Parents should never tell their kids they ‘can’t afford it’ – and here is why

Trine Jensen-Burke

money

Yikes – guilty.

How many times have you stood in a toy shop/play centre/airport/market stall with some delicious looking muffins or brownies and told your kids you can’t afford whatever it is that they are looking for – just to end their endless begging?

I know I sure have.

However – a money expert now says that while it is pretty common to throw this phrase around, it can actually end up having unintended consequences for your kids and their attitude to money.

Money expert Lacey Filipich revealed to Kidspot that while we have all faced spending choices that seem out of reach, defaulting to the ‘I can’t afford it’ answer is actually a lie. Many a time, our reason for not buying is not that we can’t buy it now, rather that we don’t or won’t spend money that way at that point in time. That you’re not going to buy that particular thing because it’s not the best use of your resources.

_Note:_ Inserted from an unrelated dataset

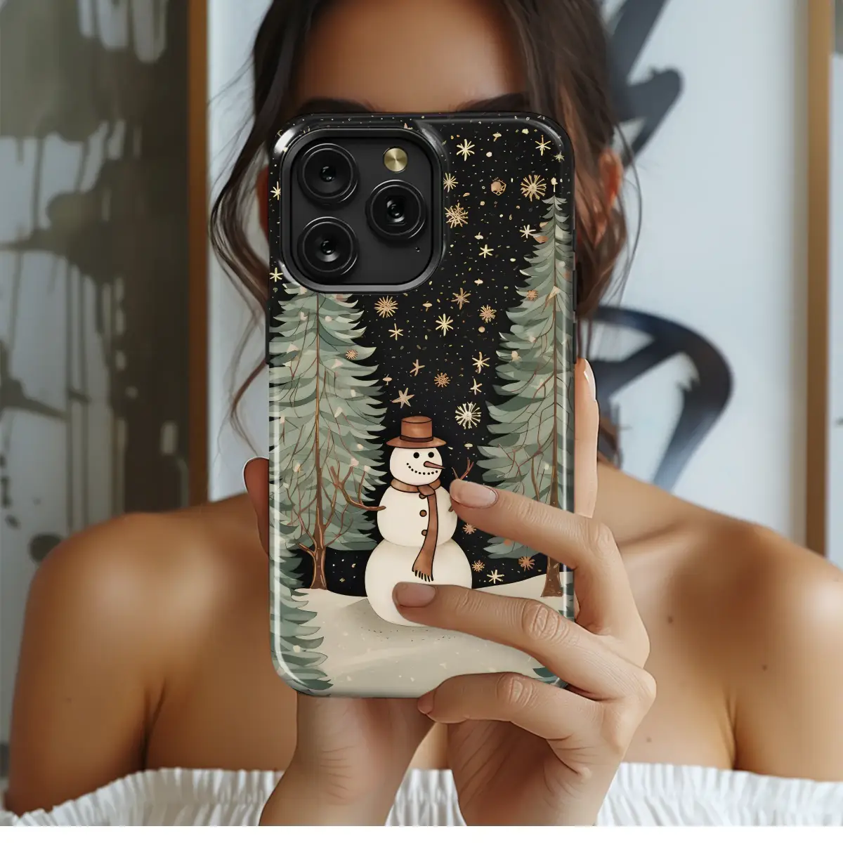 Step into a magical winter wonderland where a cheerful snowman, complete with a jaunty top hat and a warm scarf, greets you with a joyful smile. He stands nestled amongst a tranquil forest of tall, serene pine trees, under a vast, inky-black night sky. Above, a cascade of intricate golden snowflakes and twinkling stars falls gently, catching the light and adding a touch of enchantment to the silent, snowy landscape. The hand-drawn, illustrative style brings a rustic and heartwarming charm to the scene, evoking feelings of cozy nights, holiday cheer, and the simple joys of the season. This design isn't just an accessory; it's a small piece of art that carries the quiet magic of a winter's night. Let this whimsical woodland friend accompany you, bringing a spark of festive spirit and nostalgic warmth to your everyday moments. It's the perfect way to celebrate the holiday season or to carry the serene beauty of winter with you all year round.

Here is what she has to say:

“And so why, then, am I picking on the phrase ‘I can’t afford it’? After all, regardless of what words you use, the outcome is the same. You don’t buy the thing. Whether it’s because you can’t or don’t might seem trivial. Saying can’t is just a shortcut to get to the same point, right?”

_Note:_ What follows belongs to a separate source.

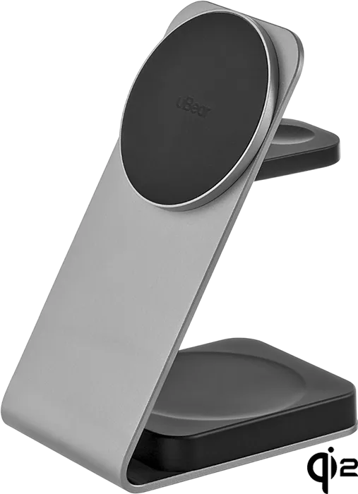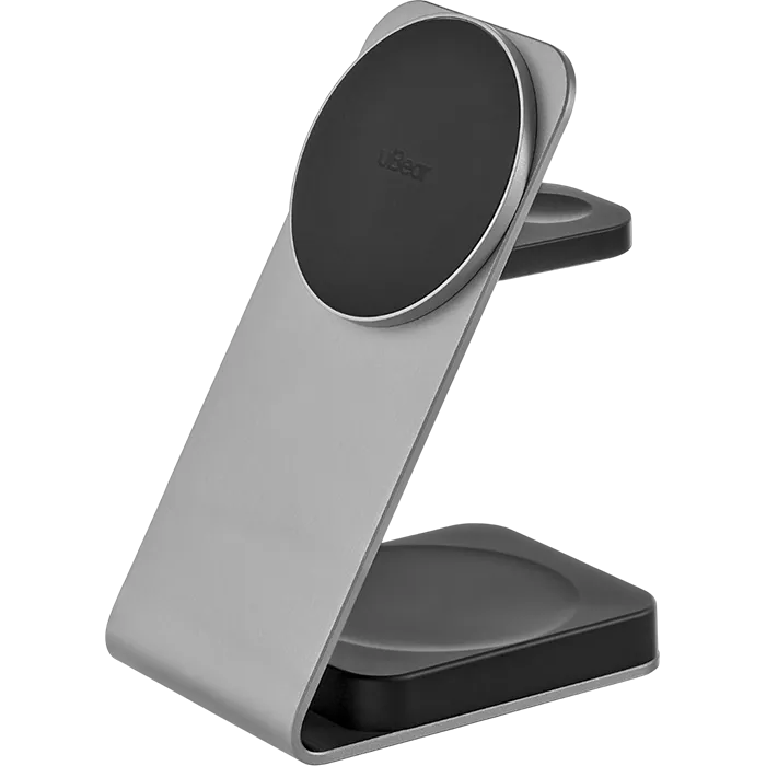 | ТРИ В ОДНОМ | uBear Level Ultra – универсальная зарядная станция, совместимая с MagSafe и поддерживающая стандарт Qi2 для iPhone 12 и новее. Она обеспечивает быструю одновременную зарядку смартфона, беспроводных наушников и Apple Watch. Общая мощность 25Вт распределяется эффективно: до 15Вт на iPhone и по 5Вт — на часы и наушники. Мощные встроенные магниты надежно фиксируют устройство и ускоряют процесс зарядки, при этом часы и наушники получают оптимальное питание. | Level ULTRA — практичность и стиль в каждой детали. |

No, says Filipich – there is actually a crucial distinction.

Powerless with money or in control?

“The difference between can’t and don’t (or won’t) is the difference between feeling powerless and feeling in control,” says the money expert.

“Using the word can’t eliminates active choice. It’s a shortcut we often use to end another exhausting nagging session, but it’s not a good one. We want kids to recognise the financial options available to them. We want them to recognise that things are within their reach – even luxury items.”

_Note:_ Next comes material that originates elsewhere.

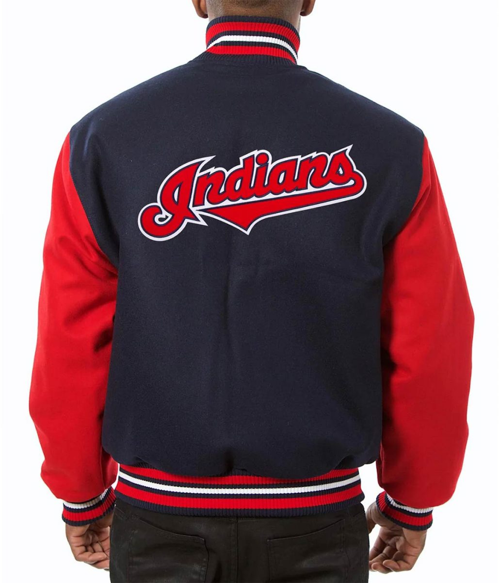 The Cleveland Indians navy blue and red varsity jacket external Body made from wool. The combination of navy blue and red colors gives the jacket an elegant, classical look. The jacket have a graceful rib-knitted collar to make your neck less stiffened and tiring. It has a calm but effectual snap tab buttoned front closure with rib knitted hemline. A soft viscose inner lining of the jacket helps you to feel warm and cozy. The sleeves of the Cleveland Indians varsity navy and red jacket are perfectly fitted having rib-knitted cuffs. The two side waist pockets in the jacket especially designed for saving your money and valuable products. The smooth quality stitching of the Cleveland Indians navy blue and red varsity jacket makes it desirable to wear. The Jacket Master offers you a wide range of sizes and designs to help in your choice. Different size, styles and colors with option of customization make Jacket Masters different from other brands. The jacket is a perfect choice for sport lovers.

Most importantly, says Filipich, we should aim to teach children to make good choices about their money so that when they discover that actually, yes, they can afford a thing, they actively decide if it’s the right thing to do.

“Saying can’t robs them of that chance to make a good choice.”

Instead, she says, we should try:

  • That’s not in our spending plan.
  • If we buy that, we’ll have to give up X
  • I don’t think that’s a good use of our money.

When conversations like this happen in front of or with your kids, you get the chance to embed some financial know-how and empowerment.

“Your kids are already learning about money from you in the same way they learn language: through watching you, listening to you, and copying you. They’re doing it right now. Your words and actions are already building the patterns of their future behaviour.”